Right, since it's _a_ that's tested and in current design it shares data 
with b unless that got relocated (b ~= c can relocate b).
>
>> Currently I think that D container design have to be extended to
>> include 2 kinds of containers:
>>
>>  -small containers, values type a-la C++ STL these all use small
>> container optimization (as they can cleanly)
>>  -big heavy-duty ones, these have reference semantics and tuned for
>> large sets of values
>>
>> Then the proposed way out is to make 2 containers:
>> - current BitArray to always have reference semantics (both asserts in
>> the above always pass);
>> - and BitString or BitVector to be small value semantic array that is
>> always copied/duped on assign, these should be passed by ref or by
>> range/slice.
>>
>> That's was lengthy but what do you think?
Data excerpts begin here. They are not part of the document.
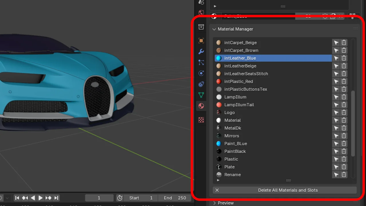 This add-on provides tools for organizing and managing materials within a Blender project. It includes features to preview and rename all materials from a single interface. Users can select all objects sharing a specific material with a single click, identify hidden objects that have a material applied, and easily delete or clean up unused materials from the scene.
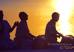 Along with the drums, dancers slowly starts to sing a slow dhivehi song in a very languorous vocal that will progressively rise and speed up.
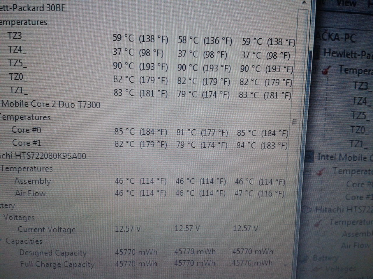čau kluci dostal se mi do ruky tento ntb a zdaj se mi dost vysoký teploty co stim? :/ rozebírat se mi to nechce (neni to moc dobře řešený) a profoukávat to mřížkou od vetráčku se mi taky nechce ( víc bych rozvířil prach vevnitř) určitě je to prachem protože se vsadim že ten pc nikdo nečistil ( je starý 5 let) na 2 jádro mi ty teploty připadaj dost vysoký! to i já mám na 4jádru ntb míň, proto prosím o radu děkuju **přikládám screen z hwmonitoru**
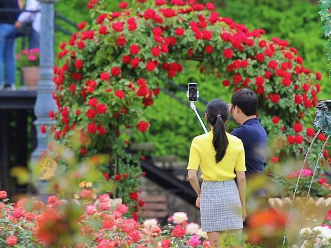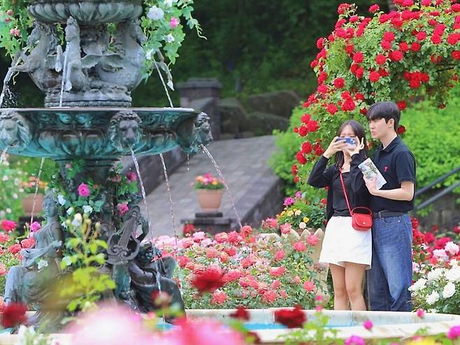 장미원에는 다양한 품종의 장미가 붉은색, 분홍색, 노란색 등 형형색색으로 피어 있어 장미 담장과 큐피트 분수대를 배경으로 인생샷을 남기기에 제격이다.
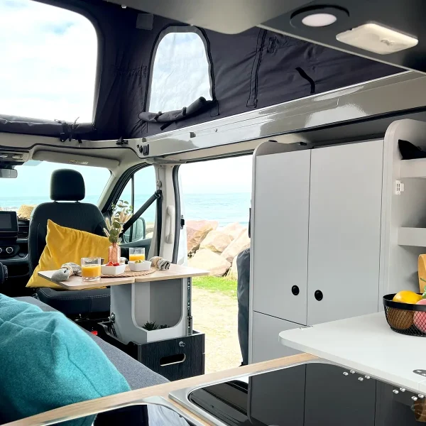Le Flex Confort PLUS d’Antilope VAN est un modèle parfaitement adapté à cette configuration, combinant modularité et confort. Son intérieur bien agencé permet d’avoir à la fois un coin repas, une cuisine fonctionnelle et un espace de couchage sans compromis sur la praticité, avec un passage facilité entre l’avant et l’arrière du véhicule. Ce type de van est idéal pour les escapades de courte durée comme pour des road trips prolongés, offrant une liberté totale tout en garantissant un niveau de confort élevé.
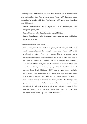 - Fase Pembangunan Jalur, pada fase ini perangkat PPP mengirim LCP frame
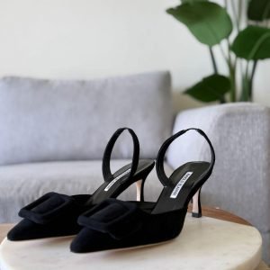 Be the first to review “Manolo Blahnik MAYSLI Black Suede Slingback Pumps”
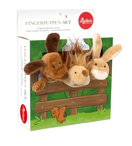 - Das sigikid 43015 Fingerpuppen Set in braun/beige/Garten bietet fröhlichen Spielspaß mit den Gartentieren Igel, Hund und Hase
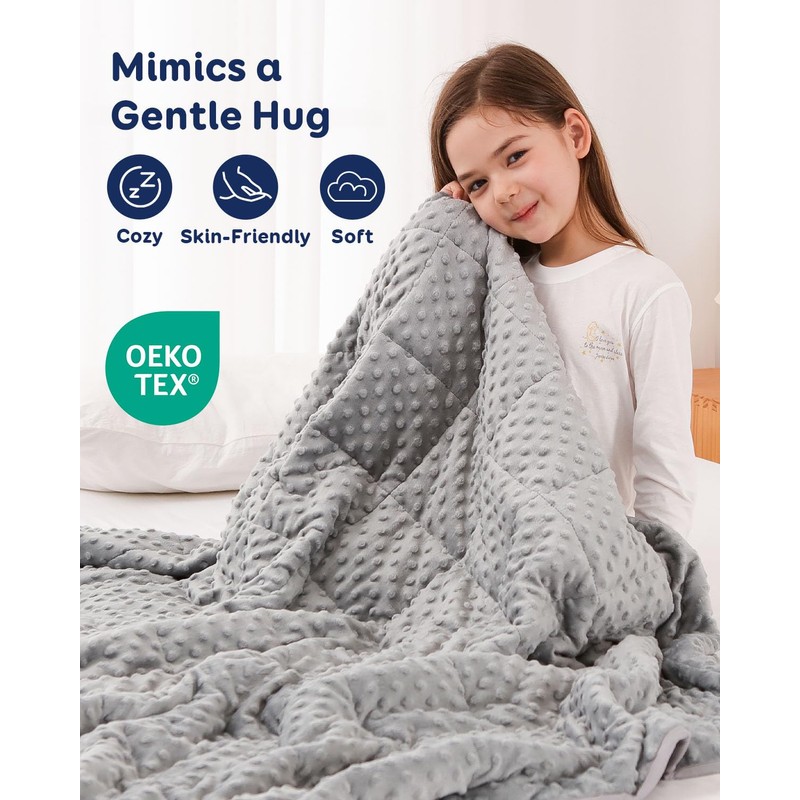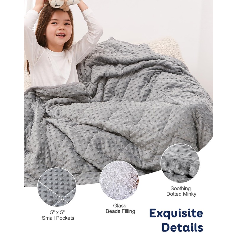 • Dual-Sided Comfort: Weighted small blanket features a dual-sided design—cozy, dotted minky fabric for a soothing touch, and breathable microfiber for all-season comfort.
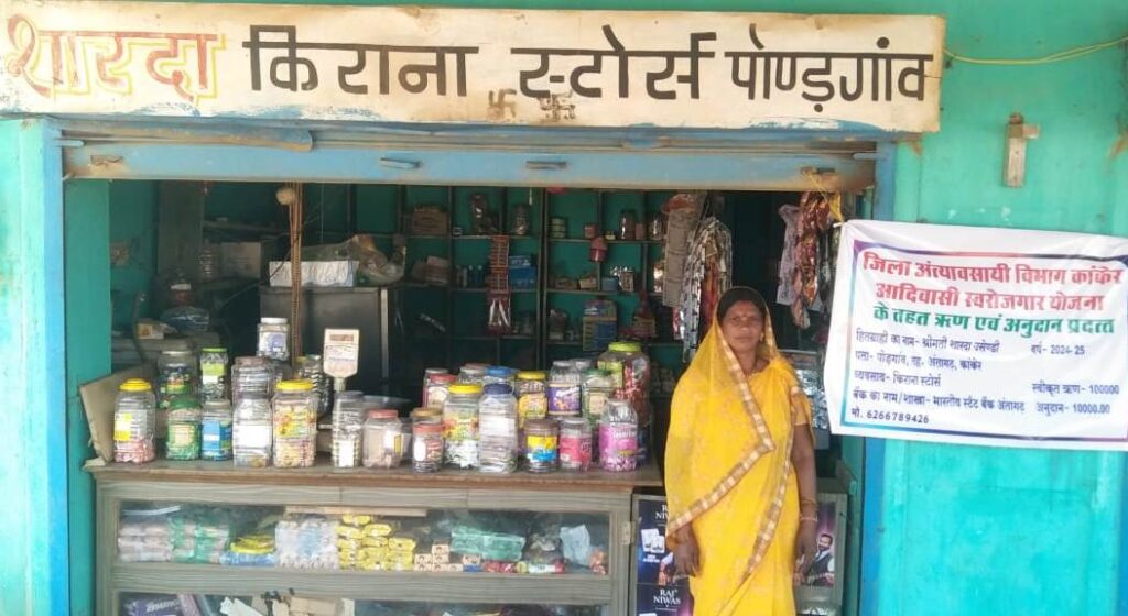 \बारहवीं तक पढ़ी अंतागढ़ विकासखण्ड के पोण्डगांव की श्रीमती शारदा उसेंडी पहले अपने छोटे से किराना दुकान और थोड़ी-बहुत खेती के सहारे जीवन-यापन कर रही थीं। आय सीमित होने के कारण आर्थिक स्थिति में कोई विशेष सुधार नहीं हो पा रहा था। इसी बीच कांकेर के जिला अंत्यावसायी विभाग के माध्यम से उसे जानकारी मिली कि अनुसूचित जनजाति वर्ग के लिए “आदिवासी स्वरोजगार योजना“ के तहत ऋण सुविधा उपलब्ध है। उसने तत्परता दिखाते हुए विभाग में आवेदन दिया। विभाग ने उसके आवेदन को भारतीय स्टेट बैंक, अंतागढ़ भेजा, जहां से उसके लिए एक लाख रूपए का ऋण स्वीकृत हुआ। ऋण के साथ ही विभाग की ओर से दस हजार रूपए का अनुदान भी मिला।
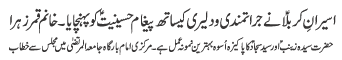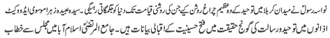 | ISLAMABAD, August 19: The Shahadat-e-Hussain (A.S.) is the source of a metaphor for freedom and liberty, truthfulness, determination, loyalty and perseverance, justice, equality, courage, greatness and character - Hamid Moosavi | |||
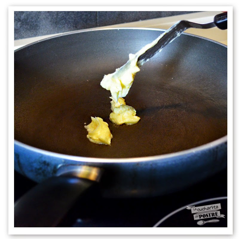 7. En una sartén caliente, pon un poco de la mantequilla con naranja.
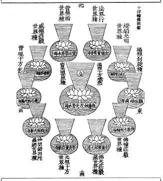 Với những mô tả như trên, núi Tu Di trong kinh sách Phật giáo được mường tượng như là một đài sen nhô lên từ mặt nước (nhất hoa nhất thế giới). TheoHoa Nghiêm kinh (Avatamsaka-Sutra), đây là pháp hội của thế tạng hay cõi nước Tịnh Độ của Phật Tỳ Nô Xà La- chân thân của đức Thích Ca Như Lai. Kinh nàycũng nói hoa sen lớn sinh ra từ hương thủy hải, trong hoa sen ấy lại hàm chứa các thế giới nhiều như vô số vi trần, cho nên gọi là Hoa Tạng Thế Giới Hải. Tầng dưới cùng là phong luân, trên phong luân có biển Hương Thủy Hải, trên Hương Thủy Hải trồi ra đóa sen lớn ngàn cánh, trong đóa sen lớn chứa vô số những thế giới khác nhau nhỏ tựa bụi trần (vi trần), vì thế được định danh bằng tên Hoa Tạng Thế Giới hay Liên Hoa Tạng Thế Giới[20]. Các Đức Phật chứng được Vô Thượng Chính Đẳng Chính Giác, dùng tịnh thức chuyển biến ra các thế giới, vì thế cho nên gọi là thế giới chư Phật. Tiếng Phạn là ksetra, nghĩa là cõi hay cõi nước. Hoa sen lớn là thí dụ chân như pháp giới. Hoa sen lớn có đài nghìn cánh hoa, mỗi cánh là một thế giới đức phật Lô Xá Na hóa làm 1000 đức Thích Ca ở 1000 thế giới. Mỗi diệp thế giới lại có trăm ức núi Tu Di, và 1000 triệu thế giới, trăm ức cõi Nam Diêm Phù Đề (xemPhạm võng kinh)[21]. Hoa sen mọc trên biển là nơi chư Phật hội tụ được gọi là Liên Trì Hải Hội. Liên Trì Hải Hội tiêu biểu cho sự tập hợp của Phật A Di Đà, chư Bồ tát, các bậc thức giả, Thánh chúng, cùng các thượng thiện nhân đều hội nơi Tây Phương Cực Lạc. Gọi là Liên trì Hải Hội vì số Phật tham dự là vô số, trải dài ra như đại dương trong pháp giới.
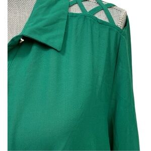 Excuse Me Miss Emerald Green button down and front tie Blouse size L
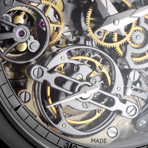 Durch den Verzicht auf ein Zifferblatt steht die Mechanik im Mittelpunkt. Bei zehn Uhr sind zwei polierte Stahlhämmer zu sehen, die auf die Funktion des Schlagwerks verweisen.
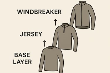 Breathable Base Layer: A technical (non-cotton) shirt close to the body. Its function is to wick away sweat to keep you dry and prevent you from getting cold on descents or when the wind stops.
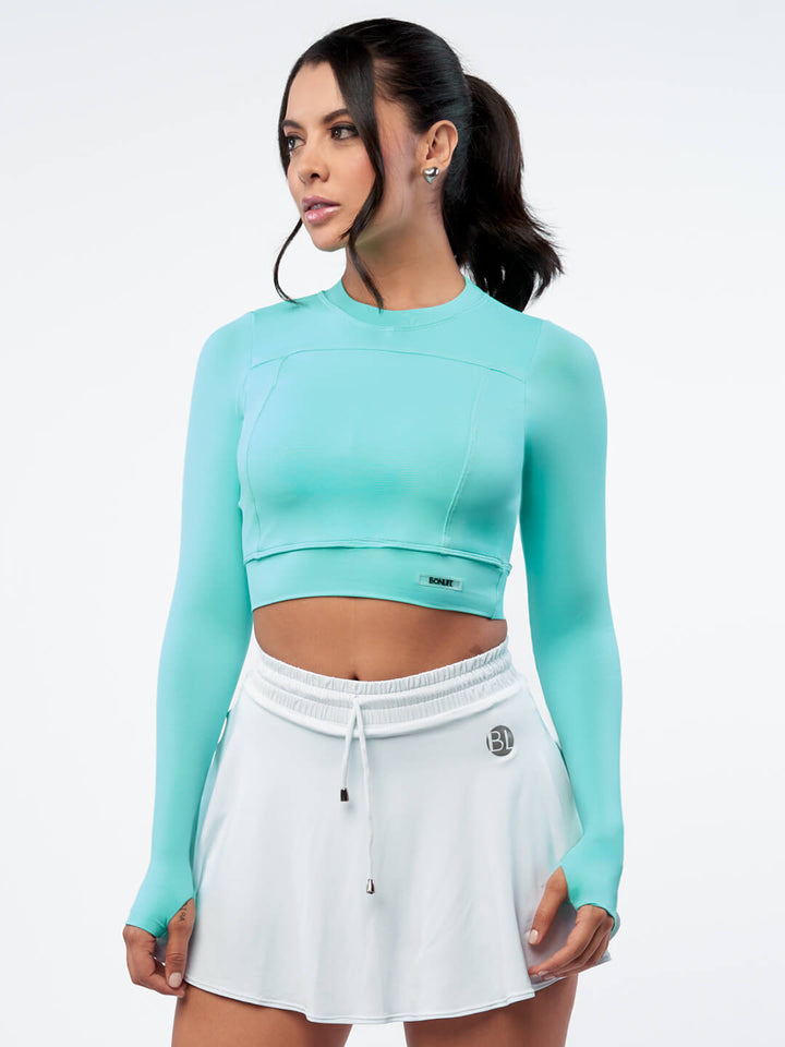Crop top deportivo de manga larga con dedal. Tejido elástico y transpirable. Máxima comodidad y libertad de movimiento para entrenar con estilo.

And it seems like we'd need
>> to bring this last topic to general D NG.
>
>   hmmm.. Either would need some code duplication, or template to turn
> off/swap small string optimization. But separating them does seem like a
> good idea.

I'd expect a fair chunk of code to be split off into free functions, 
then both containers would make use of them.

Now note that there is also std.container Array!bool that has reference 
semantics and got to be doing bit packing... it could potentially take 
place of big BitArray mentioned.
-- 
Dmitry Olshansky